My daughter and I have been watching this man patiently scrape and paint for days now, making his way around the house and standing precariously on the top rungs of his ladder, and yesterday, I happened to notice his shirt. It was a long sleeved tee advertising a new residence hall that had opened at my former place of employment just a few years ago, a residence hall known for its posh amenities and slightly higher cost for board.

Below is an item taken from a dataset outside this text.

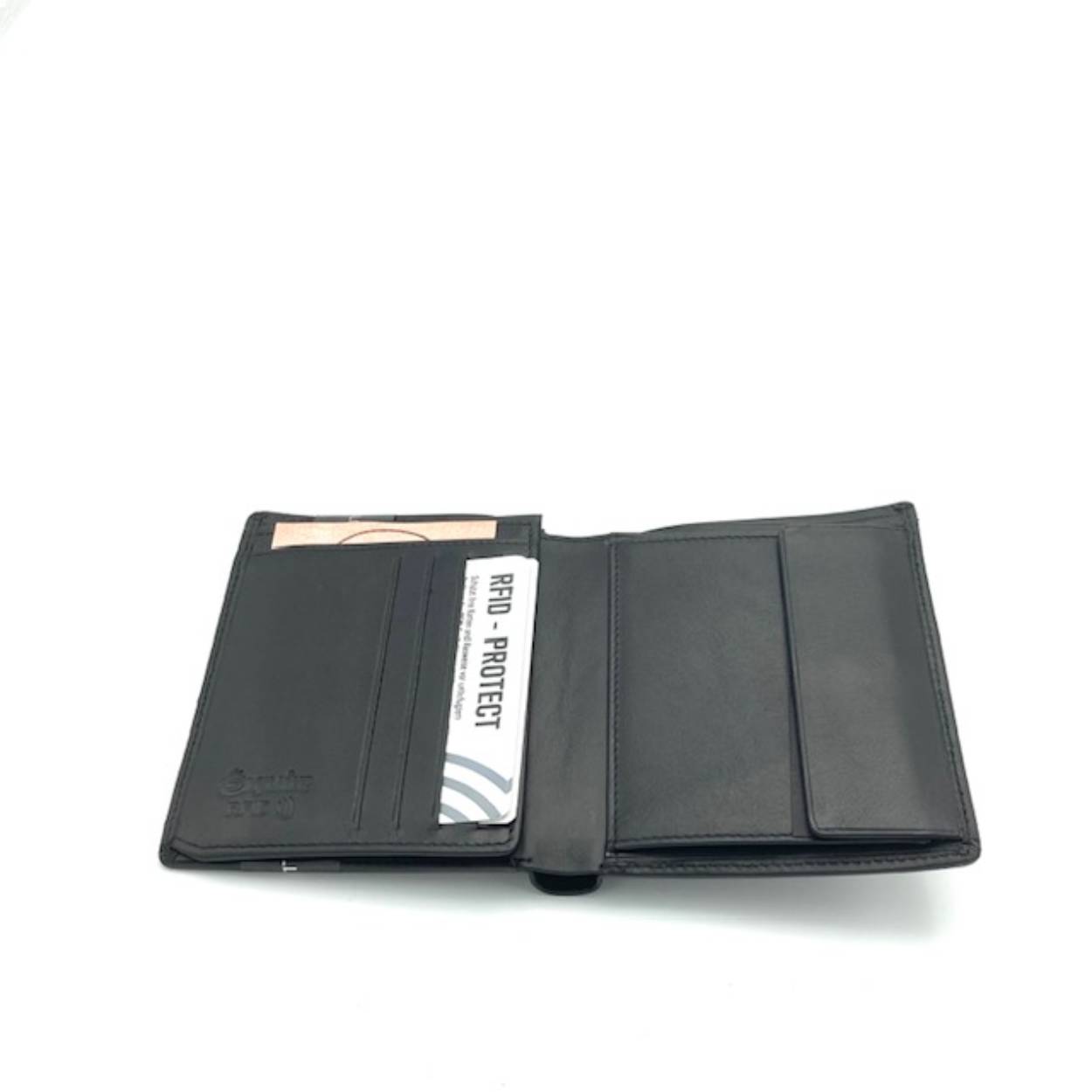 Enorm plat gemaakt. Ruimte voor 11 pasjes, dubbel papiergeld vak.

The juxtapositions were hard to ignore. The oppressive heat, and the long sleeved shirt. The classy residence hall name plastered across his back, and the beat-up bicycle with its single water bottle parked in the driveway. I wondered where he'd gotten the shirt, knowing from my few conversations with him that he didn't speak much English, and suspecting that he probably didn't have children he was sending there, either, at least, not children who were living in that hall. The shirt and the job were both cast-offs, things that no one wanted. Things that he was grateful to have.
I thought about how this man was a strange combination of visible and invisible: visible because it's hard to ignore the day laborers at the convenience store, invisible because people see him as just another nameless worker, someone we look past, look through, someone who is reduced to a body part, a "hired hand."
Over the years, I worked with undocumented students at the university level. These students had made it through high school, had been accepted to a moderately competitive college. All of them were smart; some of them were downright brilliant. And having worked so hard to achieve their goals, they were faced with dreams deferred. With taking the cast-offs. They, too, often vanished after graduation, becoming invisible, because that was their only option.
On August 15, eligible undocumented immigrants can apply to receive a 2-year deferral on
deportation and a 2-year work authorization card. In order to be eligible, they must have come to the U.S. before the age of sixteen; have continuously resided here for at least five years; currently be in school, have graduated, or be honorably discharged; have not been convicted of a significant crime; and not be above the age of thirty. The provision would make it easier for some of my former students to pursue their dreams; I can think of one, for example, who recently reappeared on my Facebook feed, who wanted more than anything to be a teacher, and knew that pursuing her teaching degree was a fruitless effort because of her illegal status: she'd never be able to get a job.
At the same time, this Friday, the State of Arizona is due to respond to the currently blocked provision of a law that requires police to conduct immigration checks on people they stop, question or arrest whom they suspect are in the country illegally. Making Latinos more visible, on the one hand, susceptible to profiling, and invisible, on the other, erasing people's identities.
I have been thinking about what the way we treat immigrants here, especially the way we treat undocumented immigrants, has in common with the way that women are treated, or the way disabled people are treated, or the way that other marginalized groups are treated in the U.S. On the one hand, they are too visible. Visible when it's convenient, when we need them to work, or when they're complaining too much, or when they're becoming a financial burden; invisible as long as they don't rock the boat, or when they are easier to ignore.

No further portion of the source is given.